RENEE MONTAGNE, HOST:

Benedict Arnold - his name is synonymous with treason. And historian Nathaniel Philbrick wrote about the Revolutionary War general who sold his services to the enemy in 1780.

NATHANIEL PHILBRICK: This was huge news. This was inconceivable to the American people. Here, one of the great heroes of the Revolution had dared to betray them. Any - you know, and this was a republic they were trying to form, which meant that Arnold had not betrayed a president or a monarch or a dictator. He had betrayed every American citizen.

MONTAGNE: Philbrick sought the story behind that news for his book "Valiant Ambition." He spoke with our Steve Inskeep.

STEVE INSKEEP, BYLINE: Philbrick wants you to know that Benedict Arnold was a hero before he turned traitor. And just how he turned is a complicated story. Arnold made his name in upstate New York, fighting for control of a chain of rivers and lakes. His men hacked together little warships and took extraordinary risks to battle a British fleet.

PHILBRICK: He was very aggressive. He reveled in risk so that it was kind of unnerving for those sometimes following him because you knew that Arnold would always make the big play. And more often than not, it would work. After the Battle of Valcour Island, that battle on Lake Champlain, at night, he broke through the British line and was able to get his entire fleet out before the British realized it.

INSKEEP: I want to make sure this is clear to people. It's at night. His fleet is trapped by bigger British ships. And they just sneak right up between the British ships in the darkness?

PHILBRICK: Right. His second-in-command said wait, wait. Let's go the other way and take the long route. And he said, no, I think we can get through. And so he snuck through the very narrow line between the end of the British vessels and the shoreline. And it was morning, they were many miles down Lake Champlain before the British commander realized it. And, you know, this was classic Arnold.

INSKEEP: So how did this courageous soldier, repeatedly wounded in battle, turn against his new country? Philbrick tells a story of a man who felt extremely underappreciated. The trouble intensified when he served as military governor of Philadelphia. Long before he turned traitor, Benedict Arnold was the target of paranoid investigators who suspected him of treason. He was also short of money.

PHILBRICK: Going into the Revolution, Arnold had been very well-off. And he had donated much of his own personal money to the cause. And after suffering these grievous wounds at Saratoga, he began to think it was about time he started making some of that money back. And he was not above using his position as the top military personage in Philadelphia to his advantage.

INSKEEP: How was it that Benedict Arnold began corresponding with an officer in the British Army?

PHILBRICK: Yes, well, he had married Peggy Shippen. And her family was part of the British hierarchy prior to the Revolution. And so they were always suspect after the Revolution broke out.

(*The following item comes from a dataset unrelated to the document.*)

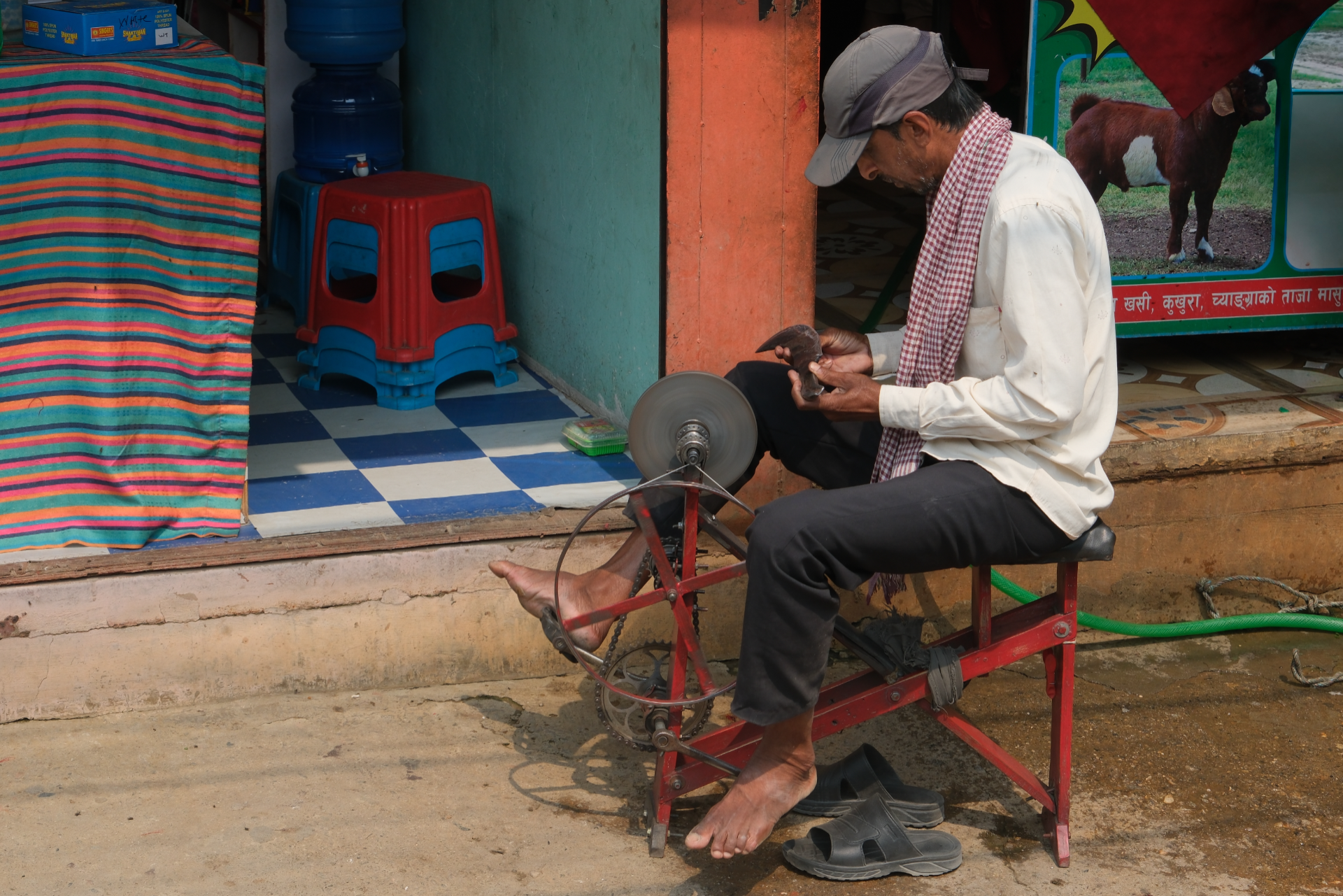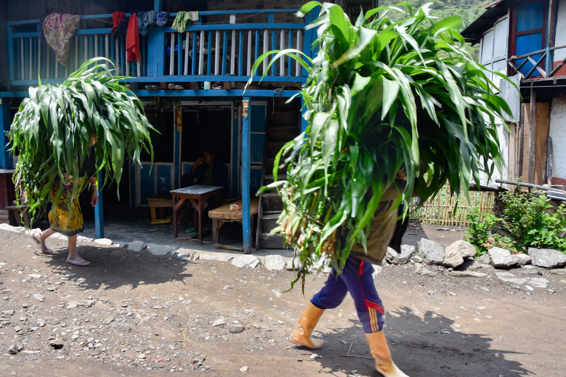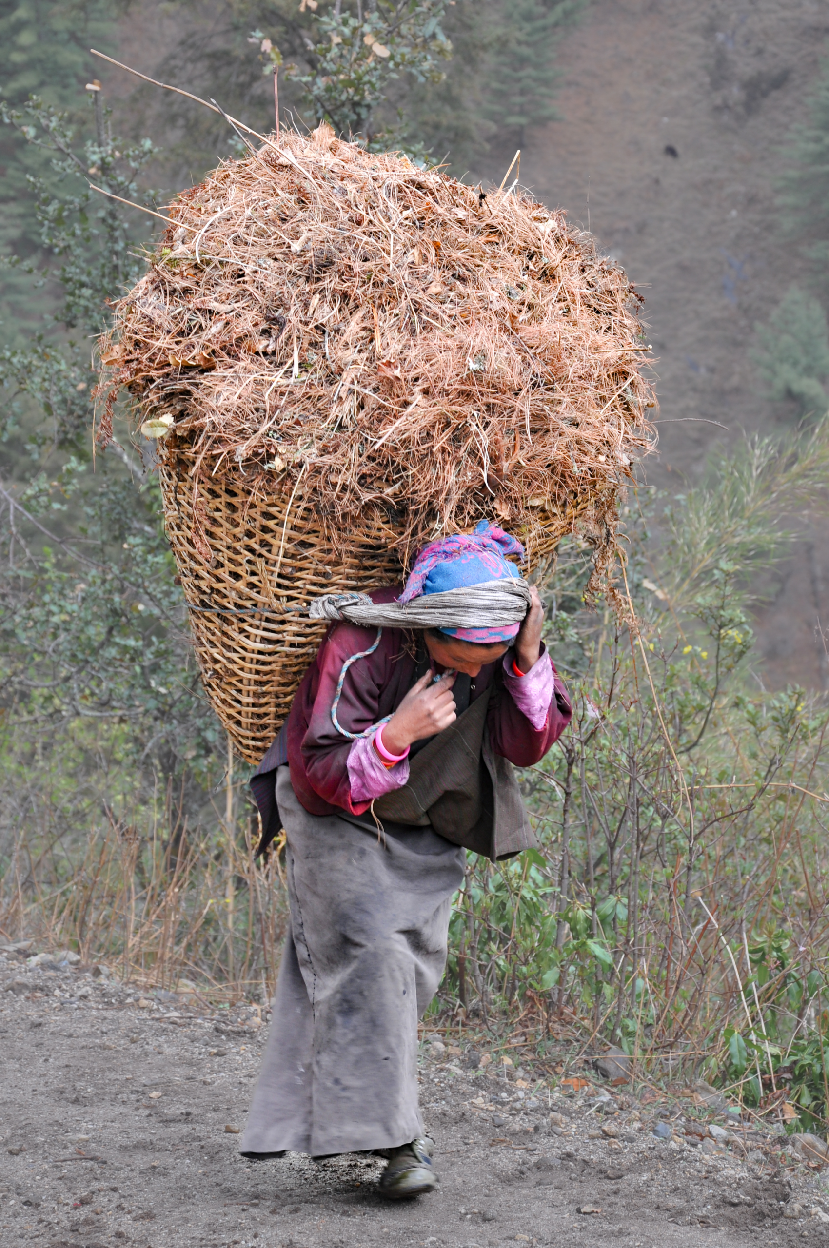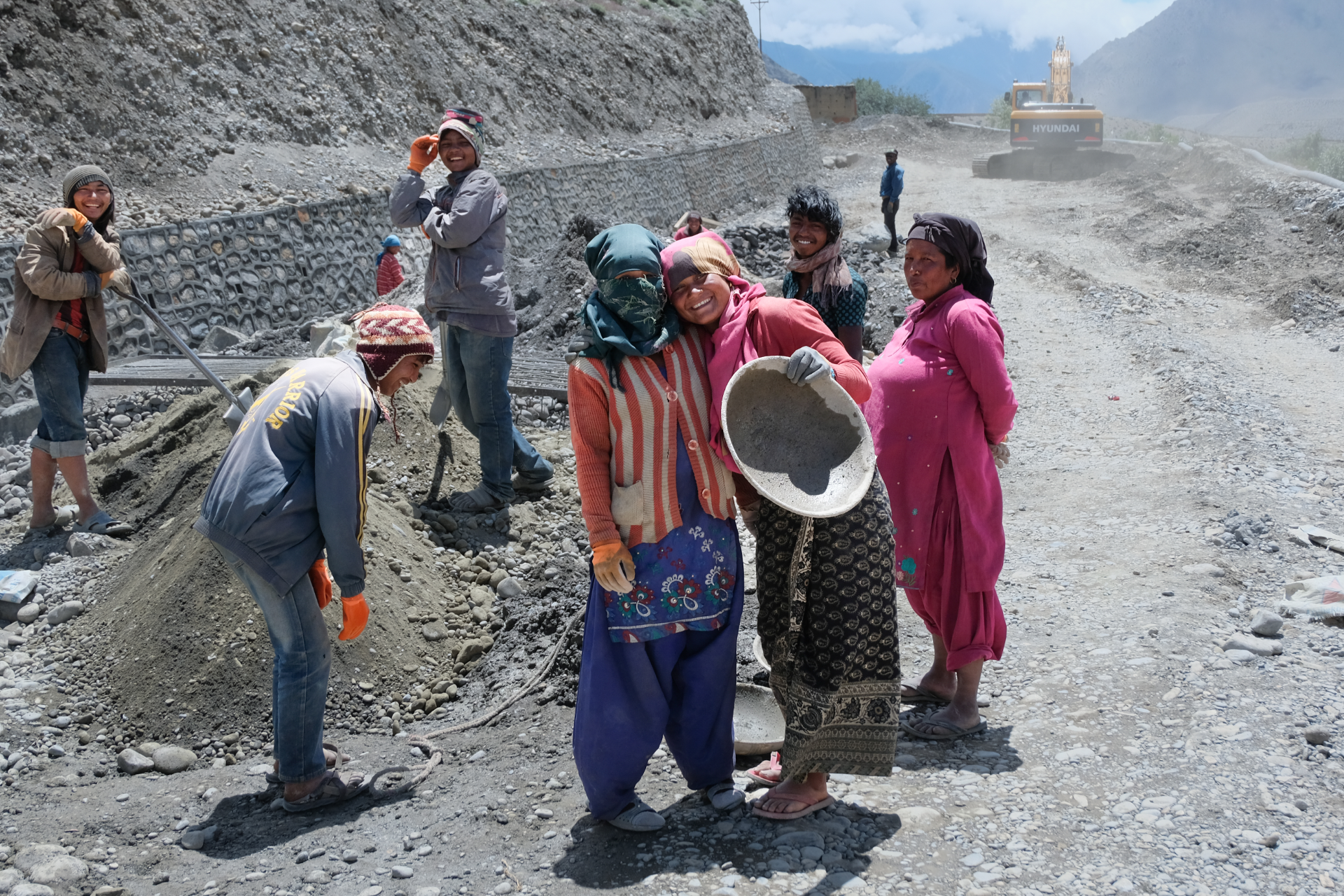 Die Arbeitsbedingungen sind häufig sehr hart – wie Handarbeit beim Straßenbau und Transport schwerer Lasten auf dem Rücken von Mensch , Yak oder Mulis, die Arbeitsgeräte erinnern oft an längst vergangene Zeiten unserer Großeltern.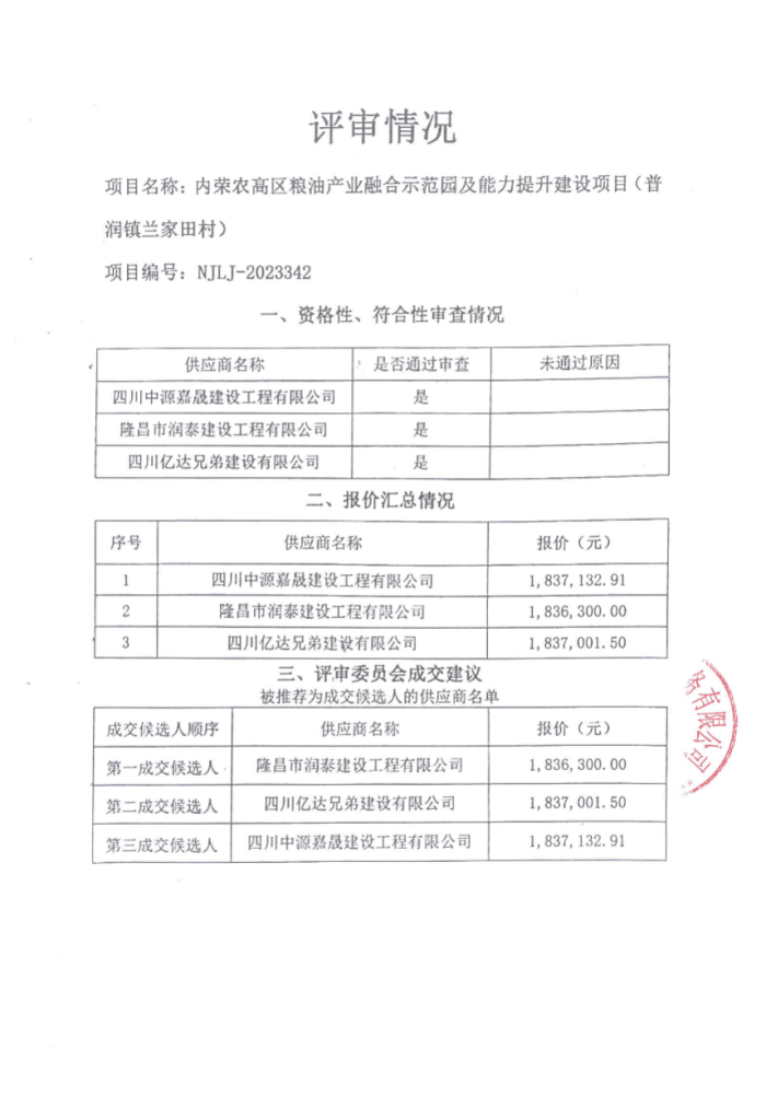 內(nèi)榮農(nóng)高區(qū)糧油產(chǎn)業(yè)融合示范園及能力提升建設(shè)項(xiàng)目(普潤(rùn)鎮(zhèn)蘭家田村)結(jié)果公告

And she had greatly enjoyed the eight months during which the British had occupied Philadelphia and had socialized regularly with a group of British officers that included Major John Andre.

And it's no surprise, perhaps, that after marrying Peggy, within a month, Arnold began a correspondence - a secret correspondence - with John Andre about possibly turning his loyalties over to the British.

INSKEEP: How did he phrase that?

PHILBRICK: Well, he felt that the country was falling apart in the midst of the Revolution. This was an act of loyalty, from his perspective, and that he was doing the best thing for the American people.

INSKEEP: Did he have reason to believe that?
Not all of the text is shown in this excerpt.